20-foot Muffler Man statue once stood tall in Macon. What happened to him?

If you lived in Macon between the late 1960s and 1980s, you may have noticed a 20-foot-tall fiberglass cowboy towering over local businesses, blotting out the sun and greeting customers.

After a 13-year-long search for the statue, Muffler Man hunter Joel Baker says he found Mr. Finance Giant lying in Jones County woods, less than an hour away from its original location.

Baker’s passion for tracking down the roadside giants began in 2011. That same year, he began looking for Mr. Finance Giant after seeing a photo of him on the Roadside America website taken by Georgia artist Laura Floyd in the mid ‘90s.

“It kind of became a treasure hunt and I got really into that,” he said. “I really like learning about the history of these giants and telling their individual stories, and [Mr. Finance Giant’s] story is very Macon.”

Joel Baker, founder of The American Giant Museum, discovers long-lost Macon landmark in Jones County woods on March 14, 2024.
Joel Baker, founder of The American Giant Museum, discovers long-lost Macon landmark in Jones County woods on March 14, 2024.

Macon giant making history

During the ‘60s and ‘70s, Muffler Men grew to be the pinnacle of outdoor advertising for automotive and retail businesses.

International Fiberglass, a fiberglass molding company in California, delivered the cowboy statue to Macon in the late ‘60s. One of its first iconic roles was at the Phillips 66 Gas Station on Hartley Bridge Road, Baker said.

Mr.

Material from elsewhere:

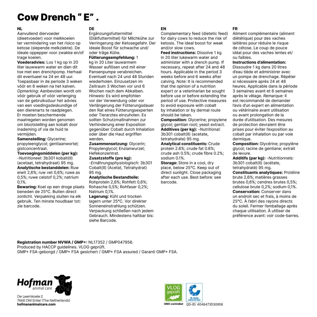 1 kg Cow Drench E in 20 Liter lauwarmem Wasser auflösen und verabreichen über Kuh Drencher (COWD000) oder Drenchmate . Wiederholen Sie diese Dosierung eventuell nach 24 und 48 Stunden.
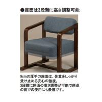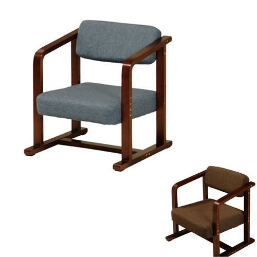| 立ち上がり、着座が楽な「ちょこっとイス」です。 ブラウンとネイビーの落ち着いたファブリックは室内に溶け込みやすいカラーです。 年輩の方も、足腰への負担がかからず楽に座ることが可能です。 |

Finance Giant relocated from south Macon to downtown Macon before expanding to Warner Robins, Baker said.

In the early 80s, Dennis Lockaby, Macon native and owner of C&L Motor Co. on Eisenhower Parkway, purchased the the western giant and refurbished it into a captain figurine after his own nickname, “Captain.”

Long-lost Macon landmark, Mr. Finance Giant, was found in Jones County woods on March 14, 2024.
Long-lost Macon landmark, Mr. Finance Giant, was found in Jones County woods on March 14, 2024.

Dennis wanted the giant to attract attention to his sales lot, but the statue became a problem for the Macon-Bibb County Planning and Zoning Commission, Baker said.

“He got in the newspapers quite a bit because they were always fighting about zoning laws. Back in the ‘70s, a lot of people thought of these big giants as eyesores,” he said.

The commission said the giant was over the limit on the number of square feet a business could have in signs, per local zoning regulations at the time, he added.

“Every time I moved the man, I had the Planning and Zoning Commission jumping on me,” Lockaby told Telegraph reporters in November 1984.

Dave Distler, a former genealogist and valuable asset of the giant’s recovery, said the Highway Beautification Project of 1965, which was led by First Ladby Bird Johnson during Lyndon B. Johnson’s presidency, played a role in the regulation of outdoor advertising, including removal of certain signs like the Muffler Men on Route 66.

“Unfortunately for the Muffler Men, the closest thing they could be described as was a sign to advertise the businesses,” Distler said.

Finding that giant

Distler agreed to help Baker track the giant down in late February. He immediately began researching and communicating with Middle Georgia residents on Facebook.

Within a week, he struck gold and connected with Walt Reynolds, a Milledgeville native who said the towering giant had been sitting on his late grandfather’s property for over 20 years.

“It was kind of shocking to me actually because to some extent it was like a needle in a haystack,” Distler said. “A lot of things had to line up exactly for this to happen in only five days. I still can’t believe it.”

Reynolds recalled his grandfather collecting a large number of antiques and keeping them at the family farm in Jones County.

“Anyone else would have thought of it as a junkyard, but to us it was where we spent our weekends running through the woods and exploring his old cars,” Reynolds said. “The giant just sat back there in the back with the rest of the junk.”

Long-lost Macon landmark, Mr. Finance Giant, was found in Jones County woods on March 14, 2024.
Long-lost Macon landmark, Mr. Finance Giant, was found in Jones County woods on March 14, 2024.

It’s far from junk to Baker, who said his second passion is restoring the vintage giants and adding them to his collection at The American Giant Museum, a tourist attraction of Muffler Men on Route 66 in Illinois.

Mr. Finance Giant ranks as Baker’s seventh recovered item. He said the cowboy has been the second-worst fiberglass giant he had to restore.

“He was in rough shape,” he said. “A few more years out there, and he would’ve been pretty much gone.”

Reynolds agreed to sell the statue to Baker, who said that it is rare to find and obtain the historic landmarks because families typically want to keep them.

“I’m glad to see that this hunk of fiberglass is going to be restored and going to be enjoyed. Hopefully, it lasts for another 60 or 70 years for people to understand more about the history of these great mid-century monuments,” Reynolds said.